Start of DATA RECORDS

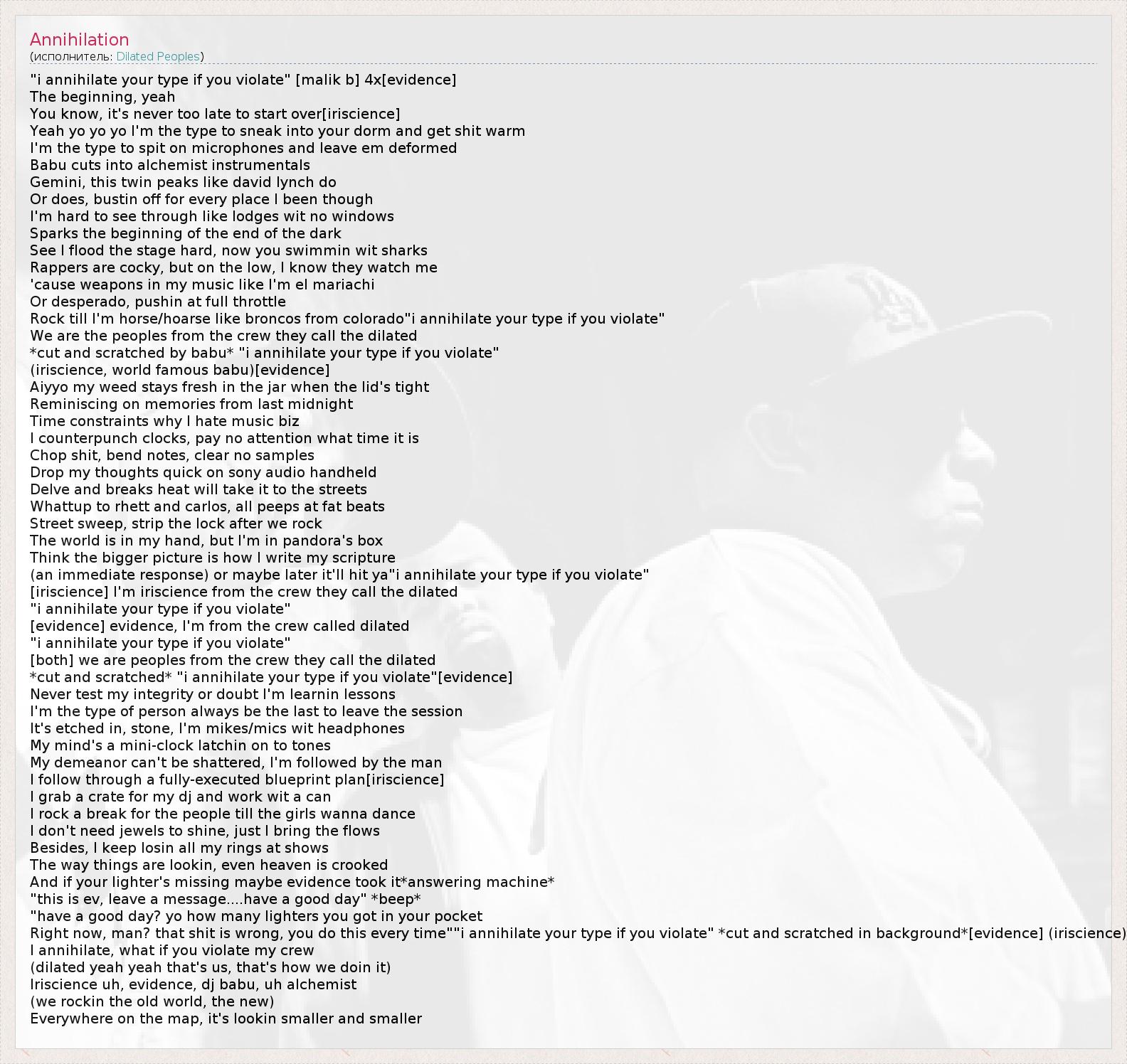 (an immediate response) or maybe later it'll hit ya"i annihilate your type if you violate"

End of DATA RECORDS
Start of DATA RECORDS

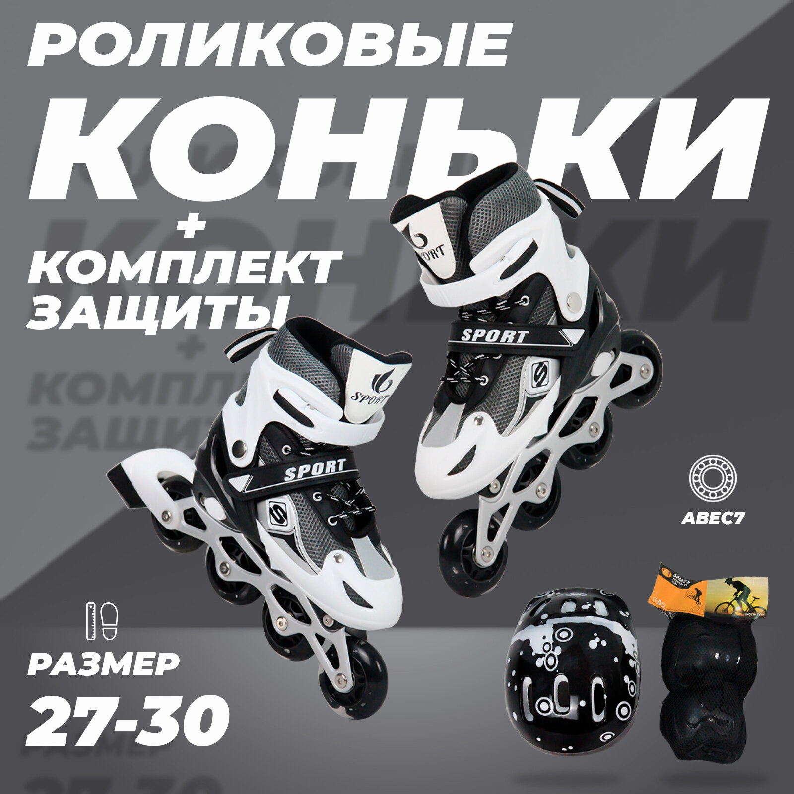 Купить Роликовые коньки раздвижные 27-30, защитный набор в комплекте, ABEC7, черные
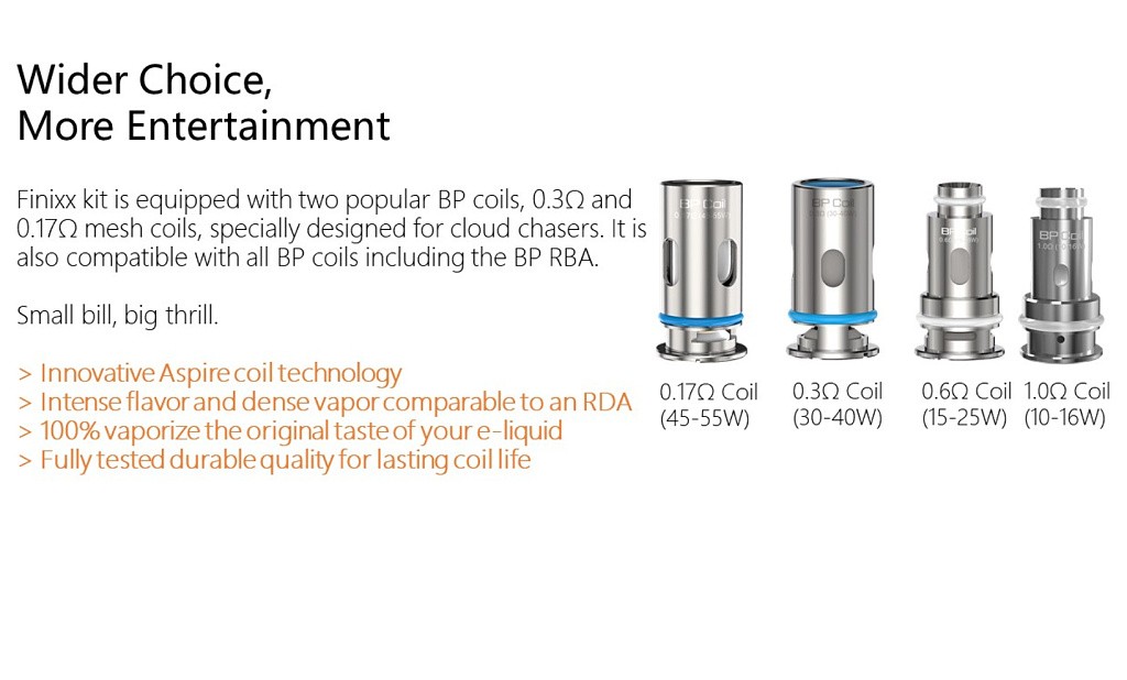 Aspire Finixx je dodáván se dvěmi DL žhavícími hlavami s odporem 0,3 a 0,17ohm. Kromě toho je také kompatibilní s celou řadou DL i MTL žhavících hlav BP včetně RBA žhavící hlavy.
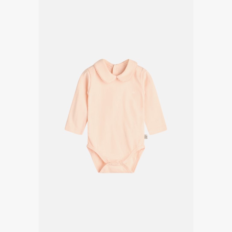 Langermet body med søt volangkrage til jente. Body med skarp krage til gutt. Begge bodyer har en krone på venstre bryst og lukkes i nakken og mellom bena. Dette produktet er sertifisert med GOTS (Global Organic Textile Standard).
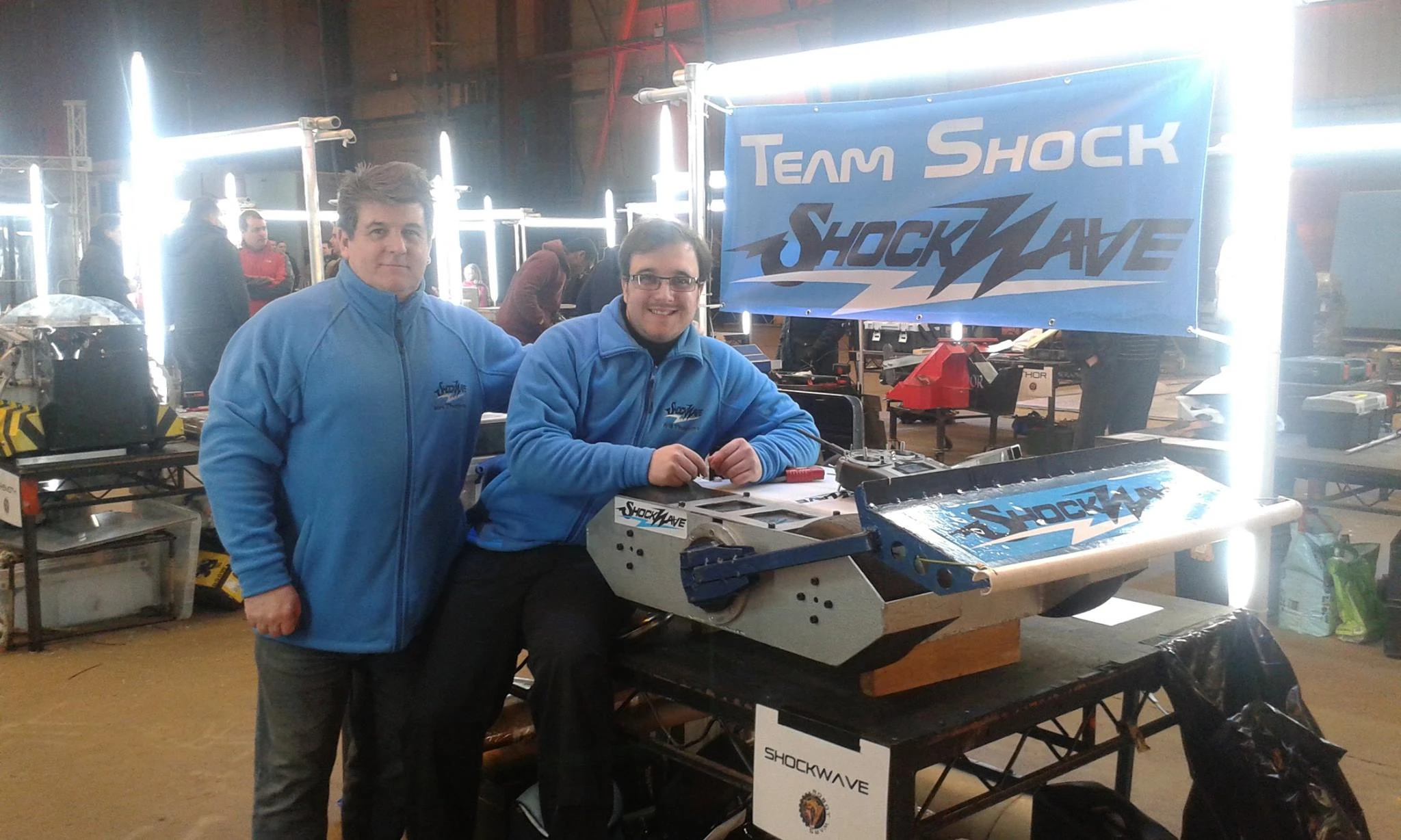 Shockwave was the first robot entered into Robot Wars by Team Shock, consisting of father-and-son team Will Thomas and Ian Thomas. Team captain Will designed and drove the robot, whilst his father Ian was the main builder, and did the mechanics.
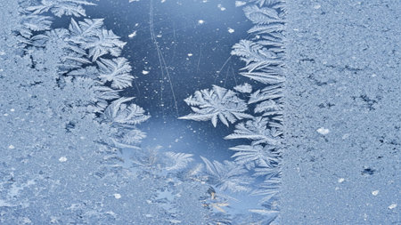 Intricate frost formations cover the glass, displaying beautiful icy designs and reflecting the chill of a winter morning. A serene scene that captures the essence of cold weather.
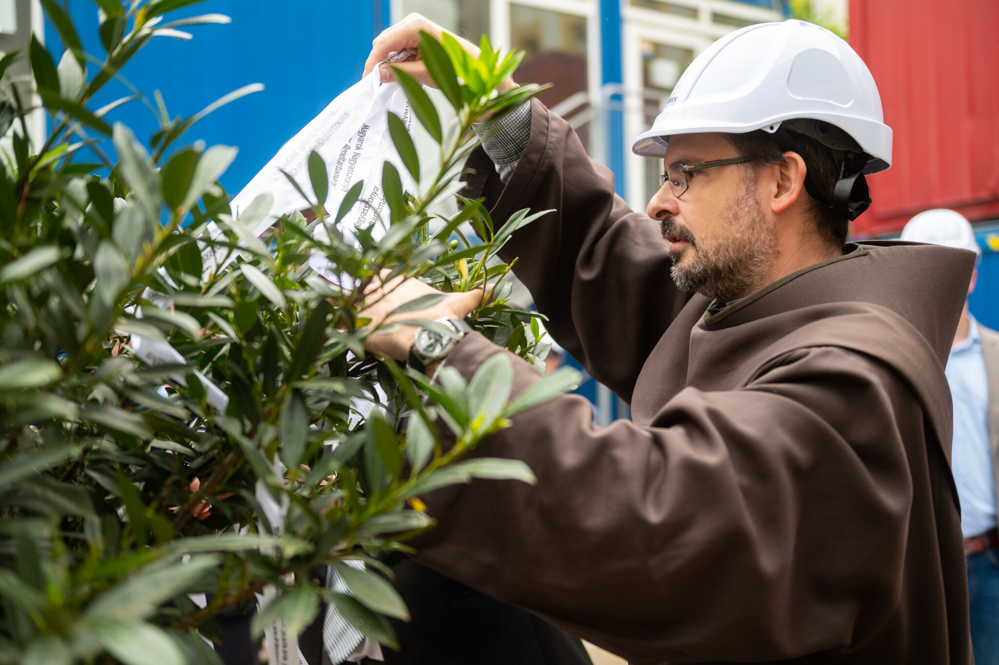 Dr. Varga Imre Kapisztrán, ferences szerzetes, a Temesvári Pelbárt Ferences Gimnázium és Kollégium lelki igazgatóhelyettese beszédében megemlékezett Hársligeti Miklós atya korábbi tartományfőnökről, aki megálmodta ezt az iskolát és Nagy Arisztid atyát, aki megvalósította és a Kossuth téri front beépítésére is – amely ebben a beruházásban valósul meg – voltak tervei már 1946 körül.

End of DATA RECORDS

▸ DIRECTIONS FOR THIS TASK
Starting at the line above that contains "Shockwave was the", transcribe every line exactly through the line that contains "Intricate frost formations", including that last one, and skip the pictures.

▸ TASK OUTPUT
 Shockwave was the first robot entered into Robot Wars by Team Shock, consisting of father-and-son team Will Thomas and Ian Thomas. Team captain Will designed and drove the robot, whilst his father Ian was the main builder, and did the mechanics.
 Intricate frost formations cover the glass, displaying beautiful icy designs and reflecting the chill of a winter morning. A serene scene that captures the essence of cold weather.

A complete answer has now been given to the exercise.